Впрочем, он и сам про себя рассказать может.
А что я могу про него рассказать… Вспоминаю хоть что-нибудь о себе, ничего толком не вспоминается, а нет, вот, было, например… Я скажу ему:
– Ты что творишь? Ты что делаешь, я тебя спрашиваю, ты что делаешь?
Нет, я не скажу, я заору на него – на предыдущего рассказчика. Вот так:
– Ты что творишь, а?
А он изумленно покосится на меня, типа, а чотакова, а я чё, а я ничё…
И я снова заору:
– Ты что творишь?
Он не выдержит и спросит:
– А в чем дело?
Он как должен с Конкордией разговаривать, а?

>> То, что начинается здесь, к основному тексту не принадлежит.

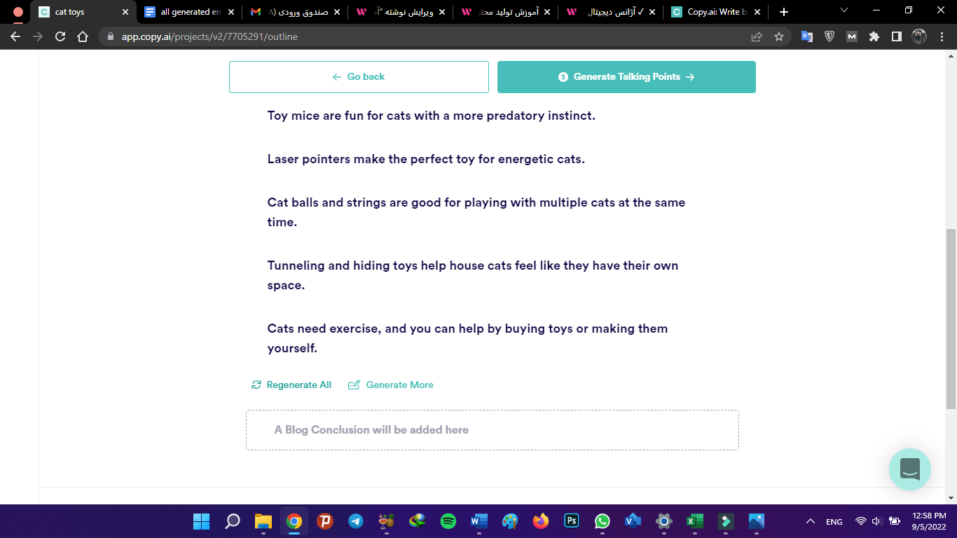 در مرحله بعد، پس از چند ثانیه گشت و گذار در محیط وب برای شما سر تیتر های هر پاراگراف را جمع آوری می کند. لطفا یکبار آنها را بخوانید یا در گوگل ترسلیت آنها را ترجمه کنید تا معنی مورد هدف شما را برسانند. اگر طولانی یا بی معنی بود فقط کافیه تا دکمه regenerate all  را بزنید تا از اپل برایتان بنویسید. اگر هم خوب و معنی دار بودند دکمه generate talking point  را بزنید و به مرحله بعد بروید.
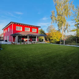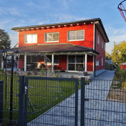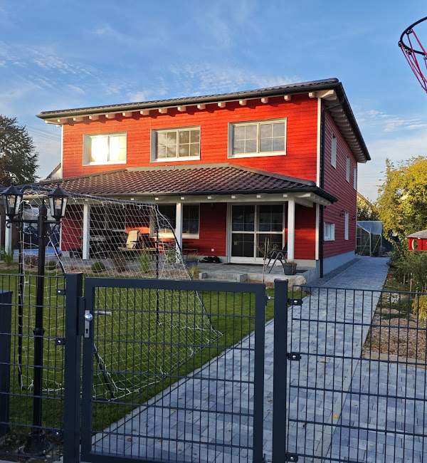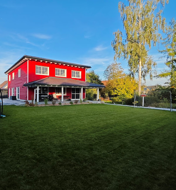 Das Einfamilienhaus in Villenbach wurde in Massivbauweise realisiert und überzeugt durch eine klare, zeitlose Architektur mit klassischem Walmdach. Die Holzfassade in einem markanten Rotton verleiht dem Gebäude einen eigenständigen Charakter, während großzügige Fensterflächen für helle und freundliche Innenräume sorgen. Die Gestaltung verbindet traditionelle Elemente mit einer modernen Formensprache.

Да он насмехаться должен над этой Конкордией, вроде как вежливо говорит, а сам смеется ей в лицо… про себя…
Слушайте, сложно это, даже не знаю, сыграю я такое или нет…
А я тогда напомню:
За воротами еще четверо стоят.
– Вы же вроде говорили, пятеро?
Тогда я взорвусь, я вообще хорошо умею взрываться:
Слушайте, вы мне тут не паясничайте, или играете, или что…
Потом он будет играть, вы уж напишите, постарайтесь, как он будет играть, как он будет насмехаться над Конкордией, а потом Конкордия что-нибудь ему прикажет, он сделает вид, что выполнил, а на самом деле ничего не выполнит…
Как-то так.
А потом я буду пересматривать, что получилось, это уже потом, потом, тогда-то я увижу, что все эти насмешки, вся эта двойная игра – всего лишь маска, что он раболепствует перед Конкордией, и никого не собирается обманывать… кроме меня.
Он уже сказал, что его никак не зовут, правда, дал имя тому, кого я хочу убить. Он назвал его мой герой, то есть – его герой…
– Какой сейчас год?
Смотрю на человека, меня ожившего, спрашиваю:
– Какой сейчас год?
Триста двенадцатый.
Голос у него низкий, с хрипотцой. Мне кажется, я ослышался.
– Э-э-э… Сто двенадцатый, вы имели в виду?
Он снова повторяет, скалит зубы, зубы у него плоховато сделаны, одной линией, ну да ему зачем, жевать-то уже не надо…
– ТРИСТА двенадцатый.
На всякий случай уточняю:
– Две тысячи…
Уже готовлюсь услышать – три тысячи.
Нет.
– Две.
Осторожно прислушиваюсь к своему новому телу, осторожно двигаю пальцами, поднимаюсь – удивительно легко и быстро. Ищу инструкцию, инструкции нет, это плохо, что инструкции нет, должна быть, а то буду тыкаться как слепой котенок, где зарядить тело, где разъемы, где что…
– Инструкцию мы вам дадим… обязательно…
Спохватываюсь:
– Это… вы меня оживили?
Он кивает:
– Я.
– А вы…
– Конкордия, к вашим услугам.
Конкордия, Конкордия, что-то вертится на языке…
А.
Ну да.
– Вы… от Конкордии?
Смеется, снова показывает зубы:
– Нет-нет, вы не поняли… я и есть Конкордия.
Понимаю.
– С-спасибо…
– Спасибо в карман не положишь.
Снова понимаю.
– Я… отработаю.
– Очень хорошо… ну что же… договоримся. Есть такое дельце…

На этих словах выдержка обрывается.